Meaghan Fleck and Pat Cotman
Princess Margaret Cancer Centre registered nurses Meaghan Fleck, (L), and Pat Cotman reflect on the intense change every day of the past year, and how they’ve coped. (Photos: UHN)

Meaghan Fleck pronounced eight deaths in the first two-and-a-half months of her career.

As a 23-year-old registered nurse (RN) who graduated in February 2020, she started working in a long-term care home in Ontario's Kawarthas region. Two weeks later, the home was in COVID-19 outbreak.

"It spread like wildfire," she says. "Every resident in that nursing home got COVID. Thirty people died."

She joined the Autologous Bone Marrow Transplant Inpatient Unit at Princess Margaret Cancer Centre in June 2020 after her interest in oncology and an opening on the unit aligned.

"It was almost a relief to leave what felt like a COVID-warzone situation," says Meaghan, commenting on how the Princess Margaret has largely remained COVID-free throughout the pandemic.

"Still, we've been doing this for a year and it doesn't feel like you ever get your feet on the ground. It's a constant frenzy."

Tuesday, April 6 is Oncology Nursing Day, a day to recognize the key role these professionals play in our health system. Every day, oncology nurses make a significant impact on the patients they care for.

Over the past year, nurses at the Princess Margaret have worked tirelessly to provide compassionate and safe care to some of UHN's most vulnerable patients in the middle of a pandemic.  

Today is an opportunity to acknowledge and celebrate the many specialized oncology nurses who do great work on behalf of patients and other health professionals across UHN and beyond.

'Everything was so different'

In the ups and downs of the past year, Meaghan has mastered reflecting and accepting as a way to cope with the rapid-fire change, loss and new challenges that arise daily.

"You can't just suppress those tough moments, because at the end of the day, there's always going to be another patient, another scary situation, another family member who's lost someone, another hand to hold or med to give," she says.

"I need the time to reflect in order to accept what's happened so I can move on. You can't provide the best care without taking the time to acknowledge and truly feel what's happened first."

For veteran RN Pat Cotman, a simple hello and thanks from a patient, and the support of her colleagues has made all the difference.

With 44 years of experience under her belt, she's familiar with change, and knows constant learning is par for the course with nursing. But when the pandemic came, it felt like completely new territory.

"You want to be flexible and adaptable, but when COVID hit it was really challenging" she says. "The switch to virtual care, the sudden and still changing protocols, constant use of PPE, the moving between different clinics at a moment's almost made me feel insecure at times.

"It was all kind of surreal, because everything was so different."

Pat used to work mostly in the Breast and Melanoma clinics, but put her hand up to work in the COVID Clinic when it first opened in March 2020, assessing cancer patients with possible COVID symptoms and ensuring they still receive the cancer care they need.

'I trust my colleagues, and I lean on them for support'

"In the COVID clinic we came face to face with how hard it was for our patients," Pat says. "In many cases, they were angry or afraid that if they were sent to the COVID clinic they wouldn't be able see their doctor, receive their treatment or get to their appointments on time.
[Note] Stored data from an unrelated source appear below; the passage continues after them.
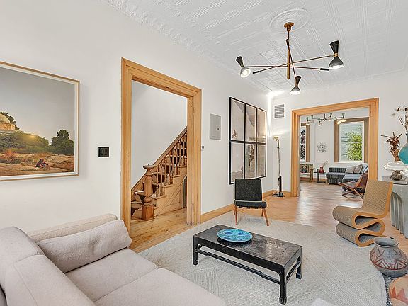 This is something very different; a move-in ready two-family brick house, set up as a single-family home, designed and built by Brooklyn based CW Design. Renovated with the goal of balancing the old with the new, the house retains many of its original details (marble mantels, restored custom millwork, tin ceilings, railings and balusters), with a modern aesthetic in the kitchens and bathrooms. The London-style kitchen is arguably the centerpiece of this house, with an imposing wall of floor to ceiling glass doors that open into the Japanese garden, a stunning sculptural marble island, radiant floor heating, and a six burner stove. High-end finishes throughout the house include Fisher Paykel appliances, Dornbracht plumbing fixtures, WAC architectural lighting, wide plank oak floors, radiant heating, Italian marble in bathrooms, ice stone countertops, and ductless mini-split A/C system, and all mechanicals (plumbing, A/C, and electric) are new. Custom skylights are from the London-based company Glazing Vision. And the kitchenette in the bedroom hallway means you can have coffee in bed. The 300 block of Decatur Street is a beautiful tree-lined stretch of Stuyvesant Heights, with an active block association and neighbors who take pride in their homes and gardens. 371 Decatur measures approximately 17 x 40 feet on a 100 ft lot.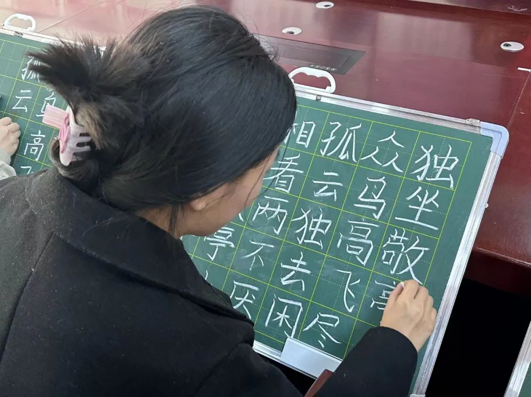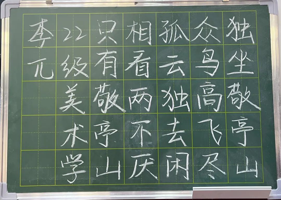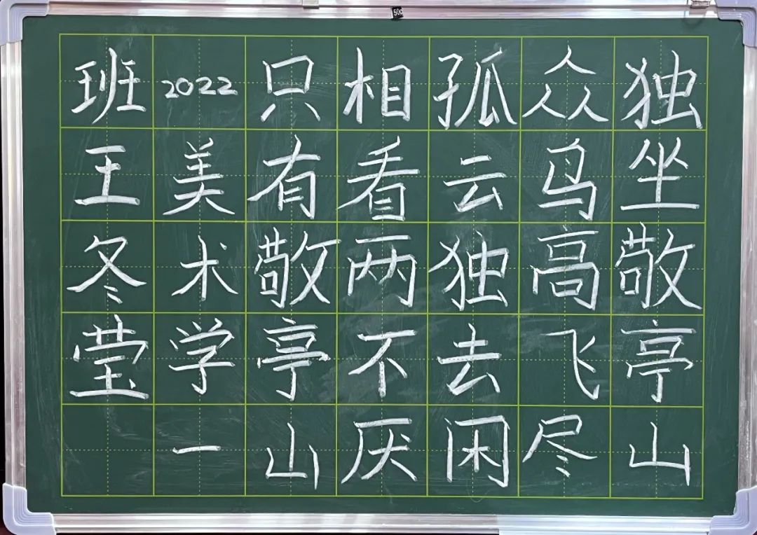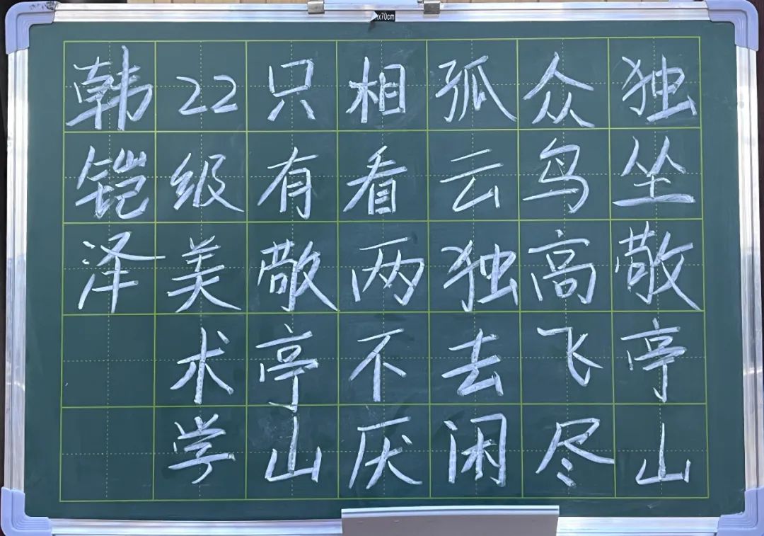 比赛开始,闫英慧老师首先说明本次比赛的粉笔字为“独坐敬亭山”,手抄报以教师节为主题。参赛同学纷纷做好赛前准备,开始自己的绘画内容。在比赛现场,参赛同学全神贯注,板书重点突出,层次分明;手抄报脉络清晰,结构完整。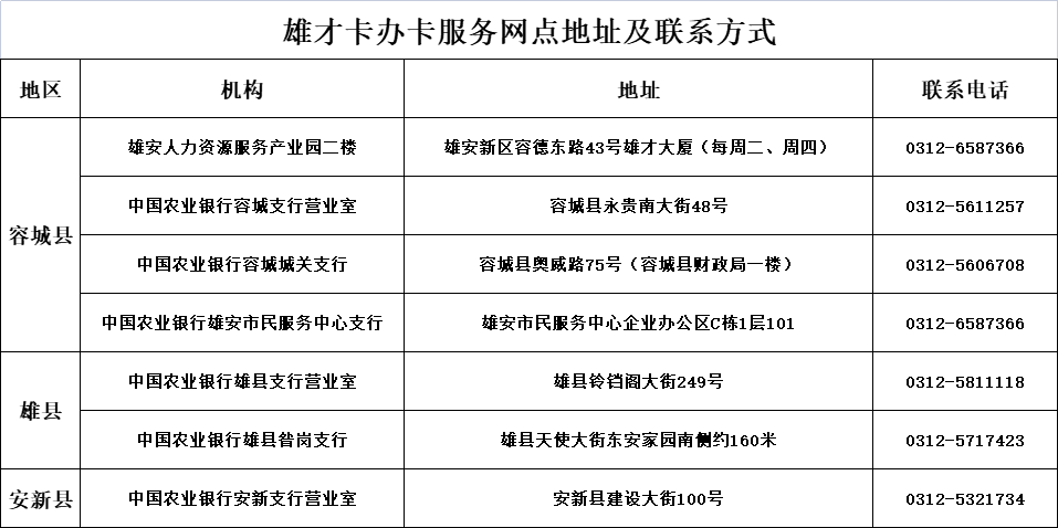 雄安新區黨工委人才辦服務熱線:0312-5568311、0312-5568305,雄才卡辦卡服務熱線:0312-6587366。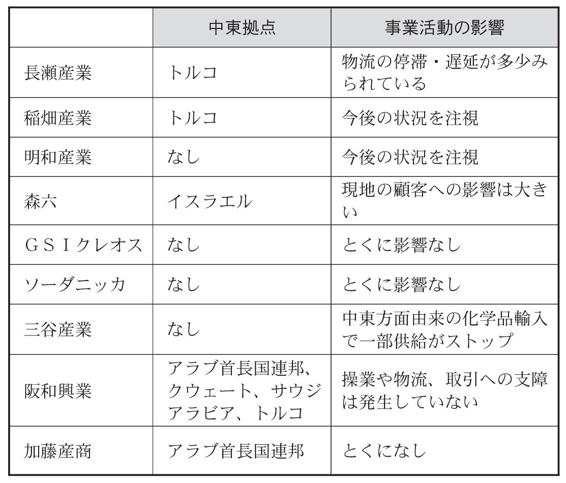 中東エリアに拠点を持つ大手の化学品専門商社は長瀬産業や稲畑産業、森六など。その他の大手商社では阪和興業や加藤産商などが同エリアに進出している。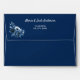For winter, spring wedding invitations, save the dates or thank you cards. Outside: Navy blue background. Inside: A chic white background color and watercolored roses, flowers in shades of blue. Back Templates for names and address. White colored letters.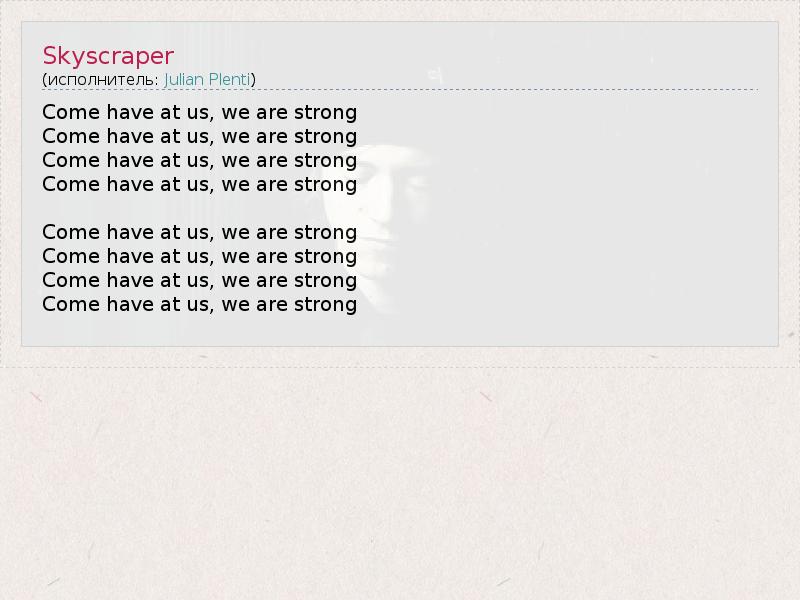 А как ты думаешь, о чем песня "Skyscraper" ?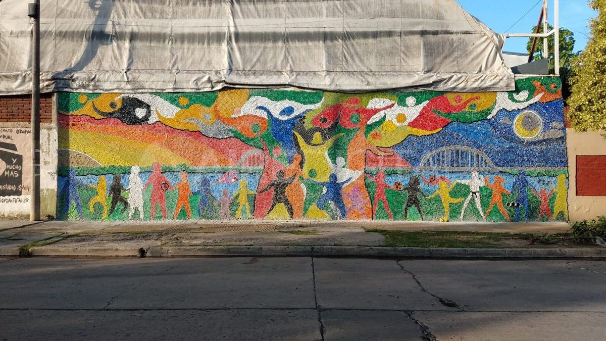 Tras diez días de trabajo intenso, docentes y estudiantes finalizaron el mural. "Estuvimos trabajando desde la mañana hasta que se escondía el sol por la tarde", contó Adriana Cervilla a la periodista Romina Elizalde.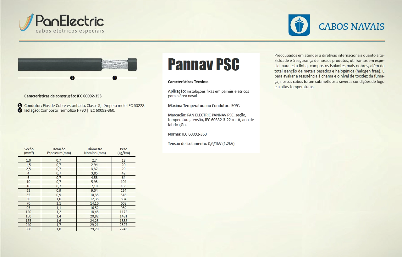 • Marcação: PAN ELECTRIC PANNAV PSC, seção, temperatura, tensão, IEC 60332- 3-22 cat A, , ano de fabricação.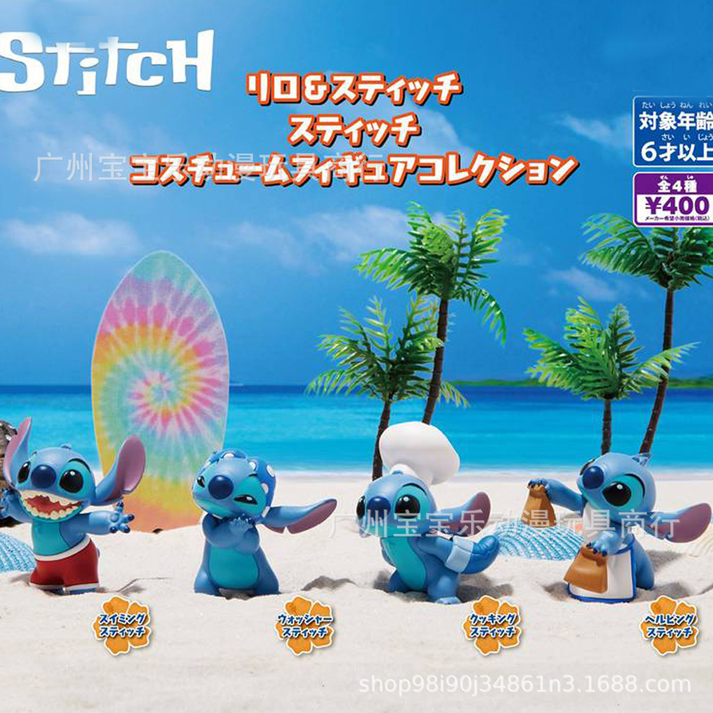 Qバージョン ステッチ サマービーチガシャポン ステッチの多彩な衣装 トレンドの装飾品 人形 おもちゃ 4種類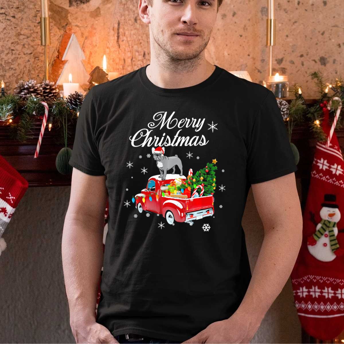 Be the first to review “Merry Christmas French Bulldog Rides Red Truck With Gifts And Snowflakes T Shirt”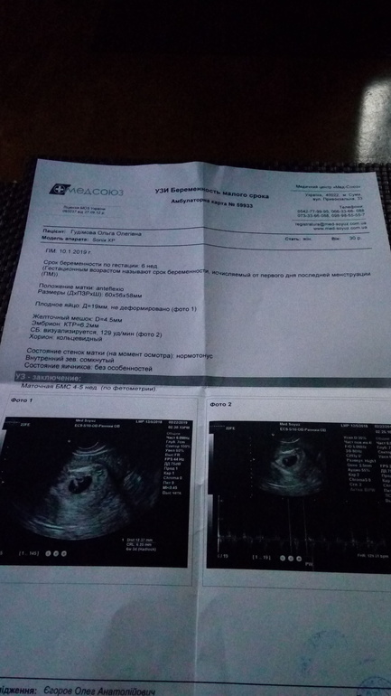 Это показало на УЗИ в 4-5 нед (от зачатия) и 6 нед от 1 дня последних М..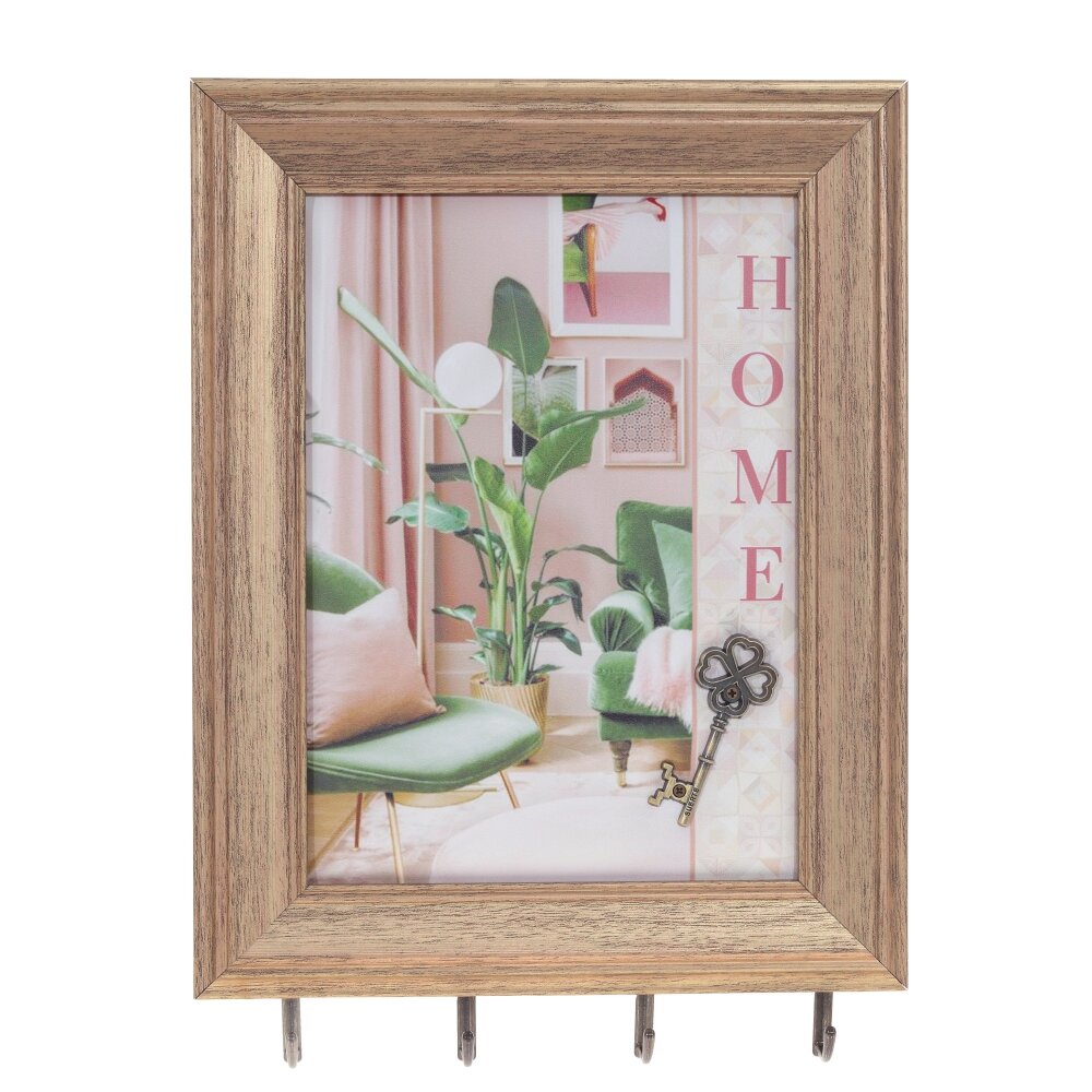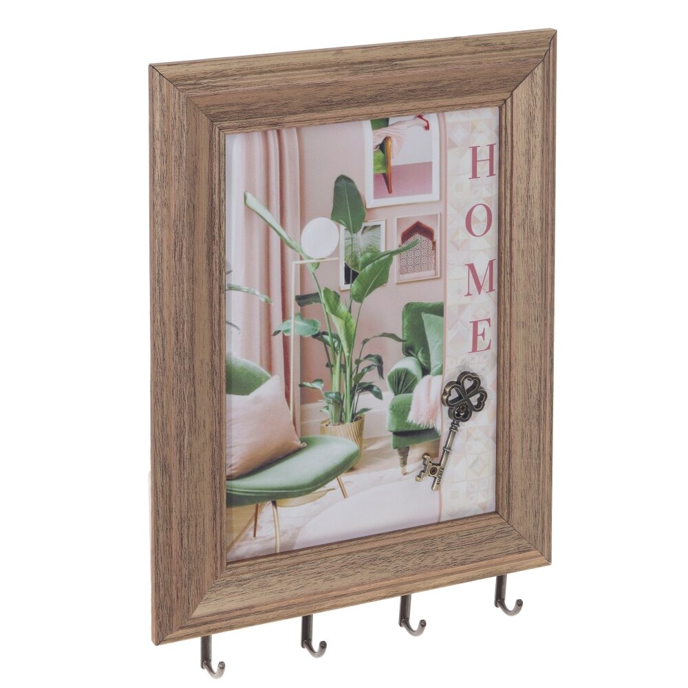 Ключница, l22 w2,5 h30 см. Материал: Дерево/Полимерные материалы/Металл Ключница настенная открытого типа в багетной раме с четырьмя металлическими крючками, украшенная ярким рисунком. Ключница – предмет не только красивый, но и функциональный, поэтому ей найдется место и в офисе, и в квартире, и в загородном доме. На задней стенке ключницы есть крепления для подвешивания на вертикальную поверхность. Вес, кг: 0. 39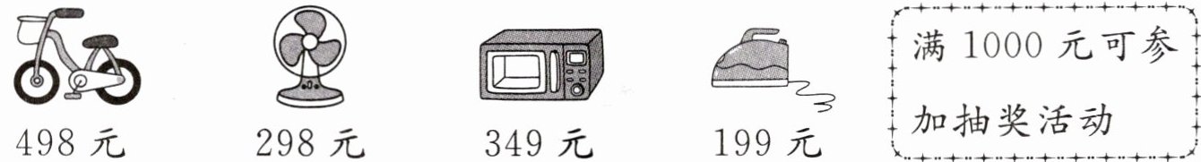 (1)妈妈要买一辆自行车和一台风扇,带(600 700 800)元最合适。(圈一圈)
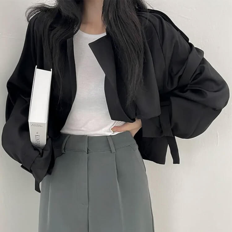 かっちりとしたフォルムとデザインにショート丈が着こなしやすくカジュアルキレイな雰囲気に。

"They were scared of being exposed to COVID and were alone because of visitor restrictions. It was hard to see their fear and vulnerability."

"It's a constant effort on everybody's part to deal with the intensity of change this year," Pat adds. "But we've really pulled together and figured it out. In some ways, working has been my saving grace.

"I trust my colleagues, and I lean on them for support. Very special people come to work here."

Above all, the recognition she receives from patients fuels her onwards. 

"It has always been that way for me," Pat says "It's not really the recognition, just more about feeling content knowing I made a difference in a patient's day.

"Many times, it's the smallest of gestures that carry the biggest impact."